Main consumer of the unit test suite is a developer himself. That's right! You are writing these tests for yourself. To be more precise you are writing them for your-future-self. It's one of these things that pays dividend later down the road, and here is why.

  1. At some point you will get back to the piece of code you committed and you will scratch your head, thinking what this thing even does. You want to be able to go to the test suite and find out what it was doing.

  2. If your next task is a bug to be fixed - you don't want to commit the fix just for the next person to remove your change because it seems to be nonsense. You want to put unit test that proves the bug is fixed, because you don't want to spend time on this bug again. To quote Google's Beyoncé Rule "If you liked it, then you shoulda put a test on it".

  3. There is good chance that your day-to-day work requires a lot of thinking.
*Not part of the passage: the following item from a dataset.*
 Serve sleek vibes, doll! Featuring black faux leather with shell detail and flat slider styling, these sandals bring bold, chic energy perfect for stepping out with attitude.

There is also good chance that you spend a lot of time reading code. What would you rather read, a piece of code where you have no idea of what set of inputs/outputs are possible, or would you like to read executable spec that tells you exactly what happens under what circumstances? This executable specification is called unit test.
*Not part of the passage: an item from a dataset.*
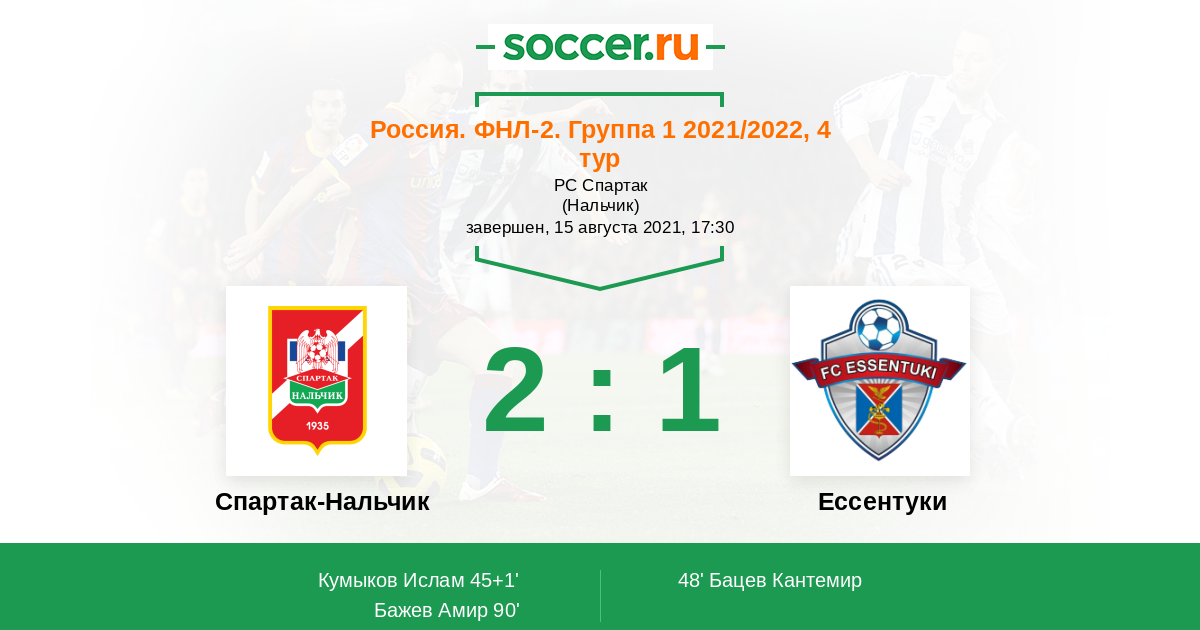 Россия. Вторая лига. Группа 1 08.10.2022 Спартак-Нальчик Логотип футбольный клуб Спартак-Нальчик 1:0 Логотип футбольный клуб Ессентуки Ессентуки
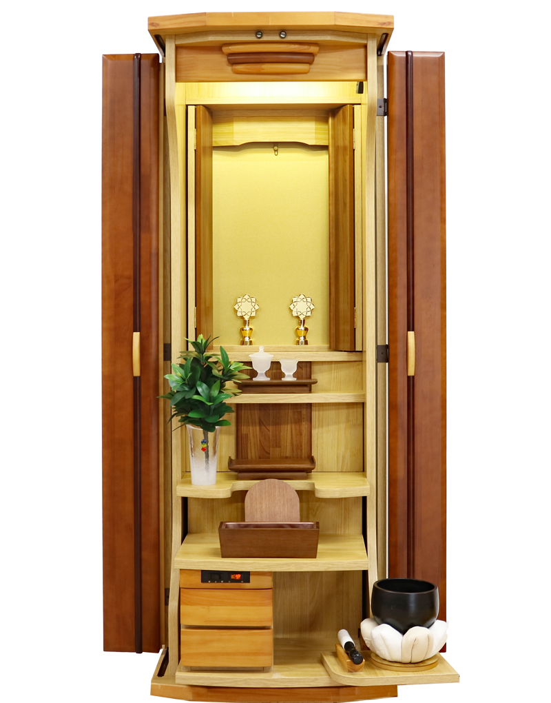 収納リン台に擦り傷が見られますのでB級仏壇として格安にてご提供させていただきます。ダーク色とライト色のツートンのコンビネーション色です。今までのお仏壇のデザインではなかった、オシャレな雰囲気漂うデザインに仕上がっております。押し込み式大戸ですので、押し込むことで斜めからもご本尊様を拝すことができます。

  4. Occasionally your users might start to complain about slowness of your code, or SRE team can come to you and say that you use way too much RAM. This means that you need to get your hands dirty, play with that profiler and make your feature performing better. This is when you will thank yourself that your feature is tested because you can improve (refactor) your code easily - as long as tests pass - you are sure that you didn't break anything with your performance improvement.

  5. When you are writing a piece of library - you want to interact with what you've done. If your API is easy to use - you will taste it in your tests. If it's hard to use it - you will feel the pain just as the user of your API will feel the pain. You want to have this microscope and look at your code from outside world. As it turns out - unit test is a terrific tool for that.

  6. From time to time someone might ask you - hey, what this piece of code is doing? Being able to answer - "hey, just look at the unit tests - they will tell you what is what" is an asset you want to have.

  7. Ability to run the program is very cool. Let's say you want to run a piece of code that lives deep in your repository. How do you do it? If your answer is - I am running the whole application, plug in the debugger (or print some values), and play with it from outside - you are in the disadvantage. Better way is to have a unit test that allows you to run any piece of the code you have in your repository without providing any external dependencies. It saves your time. It's your ally in day to day work. If you need to click through the UI or send some messages to the queue just to execute a piece of code - you should know that there is a better way.

  8. Not only you are a programmer, but you are code reviewer from time to time as well, right? If this is the case, I bet that instead of guessing what are possible inputs and edge cases of given function it's better to read the test suite, and learn more about the piece of code you are reviewing. Not only that, tests allow you to better understand what is the intention of given piece of code. And if you know what is the intention you can review not only correctness of the code but you are able to judge whether things are named properly - which is very important given that this code will be read by many people in the future.

  9. On top of that you are making sure that software you deliver does exactly what it should, and you can prove it easily, quickly and repeatedly.

Are there any more reasons to start writing unit tests?